From the line below containing "Botines de tacón" to the final line, print each line exactly as written. No pictures belong in the copy.

(Data section begins)

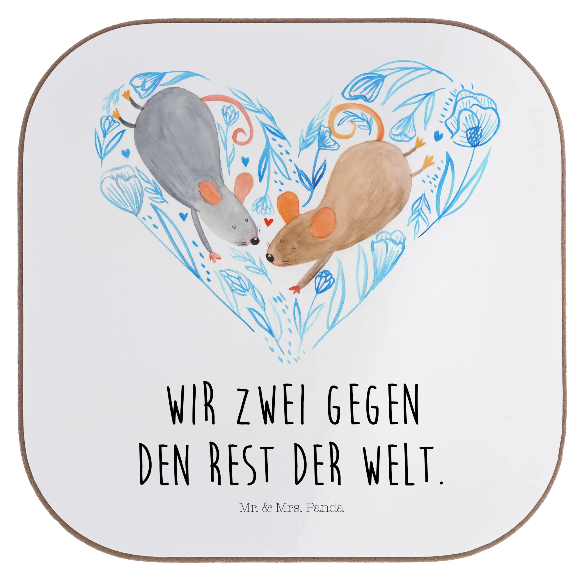 In der zauberhaften Welt von Mr. & Mrs. Panda erstrahlen zwei niedliche Mäuse in einem liebevollen Herzen. Ihre sanften Aquarellfarben, grau und beige, umhüllen uns mit einem Gefühl von Wärme und Geborgenheit. Die Mäuse, die sich mit ihren Schwänzen zu einem Herz vereinen, verkörpern die Kraft der Liebe und die Verbundenheit zwischen zwei Menschen. Zarte florale Elemente und kleine Herzen im Hintergrund unterstreichen das romantische Ambiente und geben dem Bild eine besondere Note. Mit dem Motto 'Wir zwei gegen den Rest der Welt' erinnern uns diese beiden Mäuse daran, dass die wahre Liebe alle Hindernisse überwinden kann. Ob als Liebesbeweis, zum Jahrestag oder einfach als Geschenk für den Lieblingsmenschen – dieses Motiv bringt mit seiner liebevollen Botschaft joy und positivity in jeden Raum. Es ist ein wunderschönes Liebesgeschenk, das die Herzen höher schlagen lässt und zum Schmunzeln einlädt. Diese schöne Darstellung von Gemeinsamkeit ist ein wahrer Schatz in der modernen Welt.
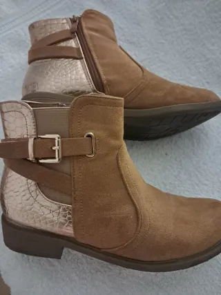Botines de tacón medio (6cm) súper cómodos. Son tipo chelsea de ante. Por el tipo de material tienen algún signo de desgaste perceptible de cerca. Marca Dorothy Perkins, los compré en Zalando. Talla 38.
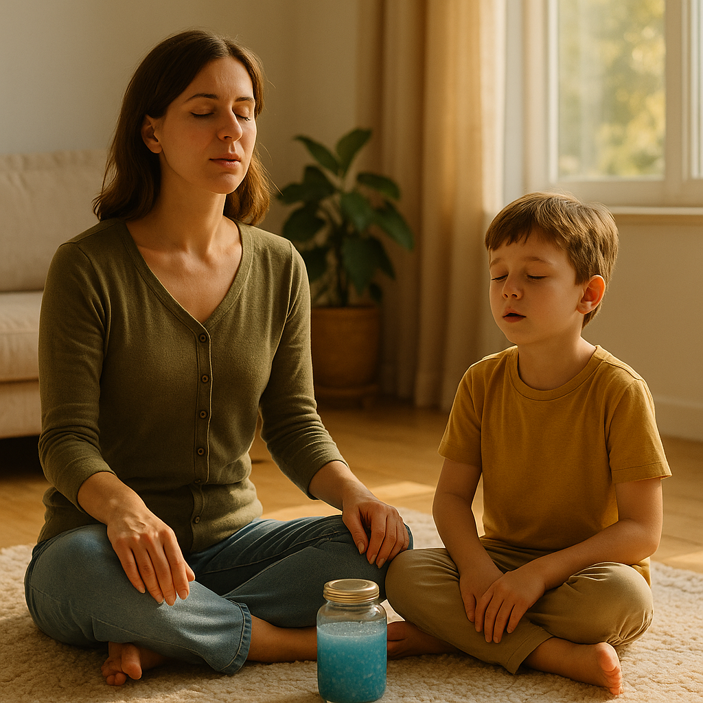 1-Caja de la calma: Botella sensorial, pelota antiestrés, tarjetas de respiración, cuentos cortos.
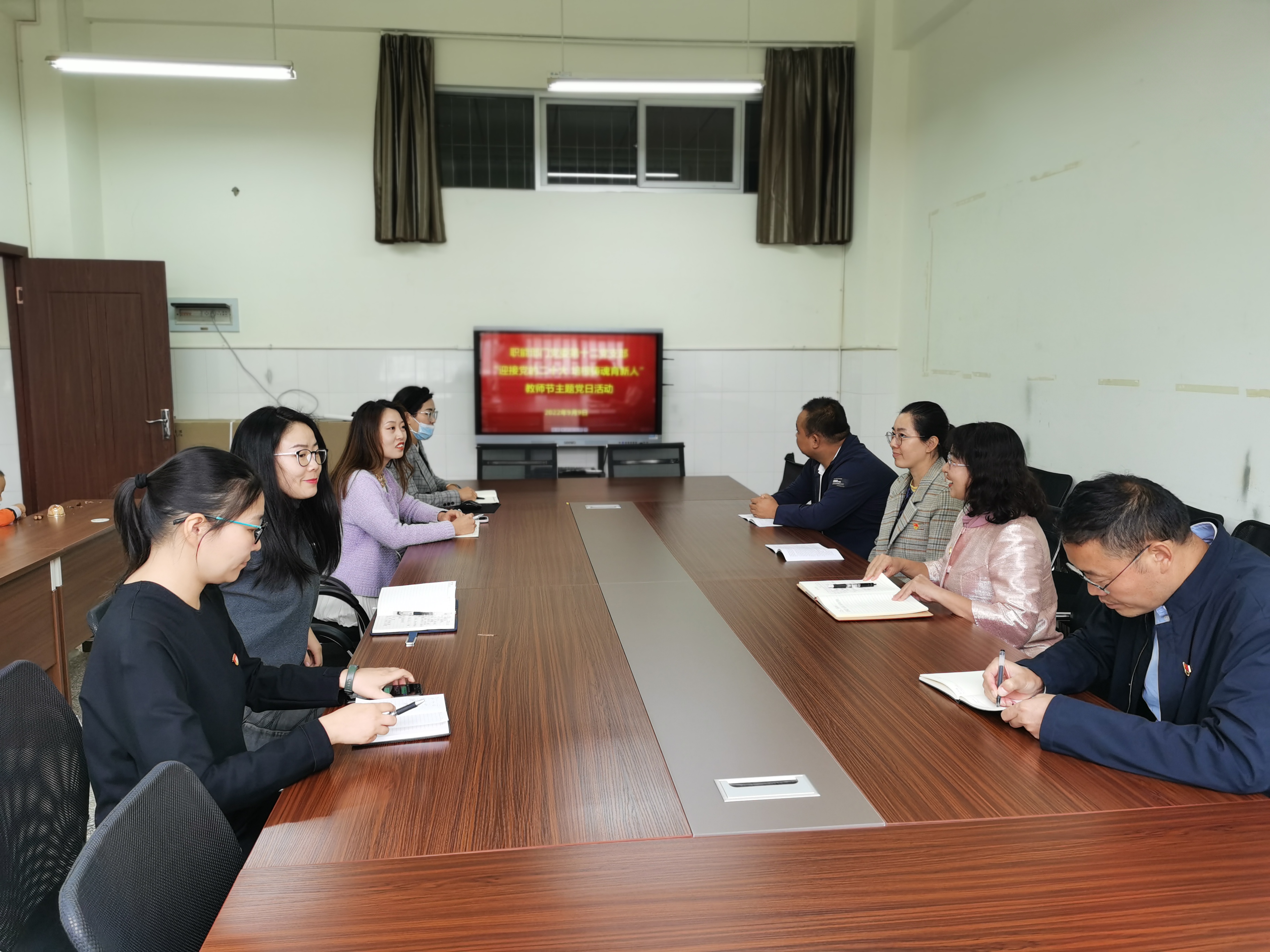 为切实做好教师节庆祝工作,积极营造尊师重教的浓厚氛围,9月9日,职能部门党委第十二支部召开“迎接党的二十大,培根铸魂育新人”主题党日活动。职能部门党委书记韩洁以及职能部门党委第十二支部全体党员参加活动,活动由支部书记张保兰主持。

(Data section ends)

## Task response
Botines de tacón medio (6cm) súper cómodos. Son tipo chelsea de ante. Por el tipo de material tienen algún signo de desgaste perceptible de cerca. Marca Dorothy Perkins, los compré en Zalando. Talla 38.
 1-Caja de la calma: Botella sensorial, pelota antiestrés, tarjetas de respiración, cuentos cortos.
 为切实做好教师节庆祝工作,积极营造尊师重教的浓厚氛围,9月9日,职能部门党委第十二支部召开“迎接党的二十大,培根铸魂育新人”主题党日活动。职能部门党委书记韩洁以及职能部门党委第十二支部全体党员参加活动,活动由支部书记张保兰主持。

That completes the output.